Saturday, July 31, 2010

Doorknobs and Yankees




On my first official day in Charleston, I set out with the intention of exploring each and every corner of the city. The previous day in Wilmington had been rather lax and I was looking forward to being adventurous once again. However, given my very very poor sense of direction, I reasoned that a carriage ride through the historic district might be a good way to get my bearings before setting out on my own two feet. Therefore, I purchased a ticket and very quickly found myself sitting behind a fine pair of mules named Yahoo and Sissy. The tour guide was an attractive young man (a red-head!) named Derrick. He grew up in the area and, I believe, is now studying history there. His first task was to ask each group on the carriage where they were from and gather a few other pieces of information about them. My carriage contained a family of nine from Georgia, a family of five from Tennessee, and then me - the lone Yankee. Fortunately, nothing was thrown at me, but the tour proved to be very interesting given my Northern perspective. While several comments were provoking, the one phrase that stuck with me was when the guide, alluding the to the Civil War, commented, "Well, we'll lick 'em in the second half!" Now, please indulge me, and consider that comment for a moment, as I did. My first reaction was, "Whoa whoa whoa...you actually expect there to be a second half? Then, I thought, "Really? You still haven't gotten over that?, and finally, "Excuse me buddy, but don't you know what the war was about? Why would you want to win a war over slavery?!" I was appalled and fascinated all at the same time, and couldn't help but wonder, "Do people really live with this mentality? Could I live surrounded by mentality?"

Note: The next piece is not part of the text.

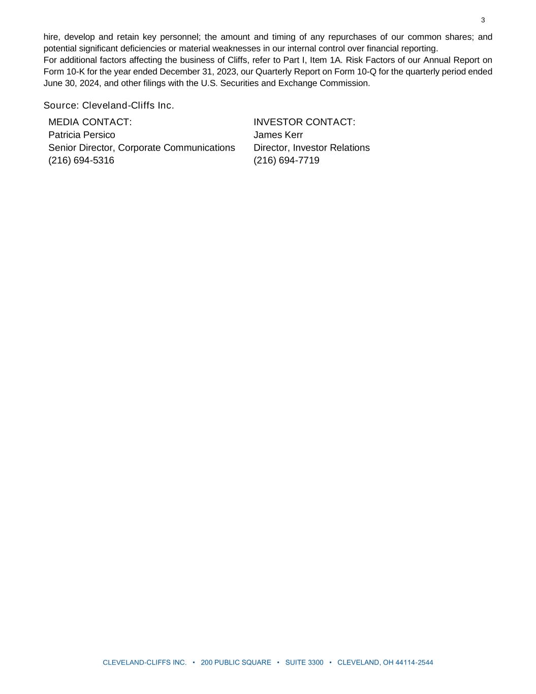 CLEVELAND-CLIFFS INC. • 200 PUBLIC SQUARE • SUITE 3300 • CLEVELAND, OH 44114-2544 3 hire, develop and retain key personnel; the amount and timing of any repurchases of our common shares; and potential significant deficiencies or material weaknesses in our internal control over financial reporting. For additional factors affecting the business of Cliffs, refer to Part I, Item 1A. Risk Factors of our Annual Report on Form 10-K for the year ended December 31, 2023, our Quarterly Report on Form 10-Q for the quarterly period ended June 30, 2024, and other filings with the U.S. Securities and Exchange Commission. Source: Cleveland-Cliffs Inc. MEDIA CONTACT: Patricia Persico Senior Director, Corporate Communications (216) 694-5316 INVESTOR CONTACT: James Kerr Director, Investor Relations (216) 694-7719

If you know me at all, you know that I am soooooo NOT a city person. While I enjoy the occasional visit to New York or foray into Boston, I have no intention of actually living in either place. I like to roll out of my front steps and see green, inhale clean air, have some room to myself. Therefore, I was surprised, when in spite of Derrick's remarks and my natural predilection for suburban life , I found myself captivated by the city of Charleston. I actually thought, "I could live here!"

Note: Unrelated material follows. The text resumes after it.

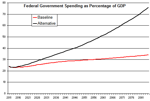 According to the Congressional Budget Office's 2011 Long-Term Budget Outlook, the federal government will consume 34.1 to 75.9 percent of GDP in 2085. The lower number is called "The Extended-Baseline Scenario" while the higher number is "The Alternative Fiscal Scenario," which includes the extension of the tax cuts set to expire, rising debt levels, and "spiraling interest payments."
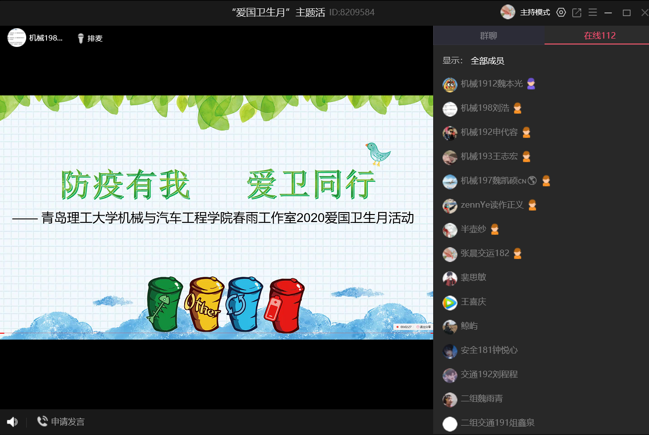 春雨志愿服务队以“云课堂”的方式开展“防疫有我,爱卫同行”主题宣讲活动。

Charleston happens to be the second most well-preserved historical region in the world, preceded only by Rome, Italy. There are very stringent building regulations that are enforced by the Board of Architectural Review (BAR). Some of their policies include: 1. No building over seventy-five years old can be destroyed. 2. No building can exceed, in height, that of the tallest church steeple. 3. If you want to re-paint your house, the BAR will come to your house and paint six color swatches. You may only choose from the palette provided for you. Generally speaking, the BAR is so meticulous that if you were to change a doorknob, they must approve of the replacement first. WOWzer! While this might seem anal, these rules have functioned, in my opinion, to maintain a well-groomed, cohesive, and quaint city that neither feels overwhelming (thanks to the lack of sky-high buildings) or dirty (thanks to the care and attention given to its history). So, here's my dilemma...
Physically, Charleston is beautiful. The people are polite. The food is good; the pace of life, relaxing. There are beaches and boats nearby. When it's not August, the weather is gorgeous. On the flip-side though, most of the people here have never left the state of South Carolina. Despite the large black population, Charleston's inhabitants are still segregated. The population is one of the worst educated in the United States, and every afternoon, out of the bright blue sky, a torrential downpour hits you for about 30 minutes. There's good, and there's bad, and I'm not quite sure which one will win.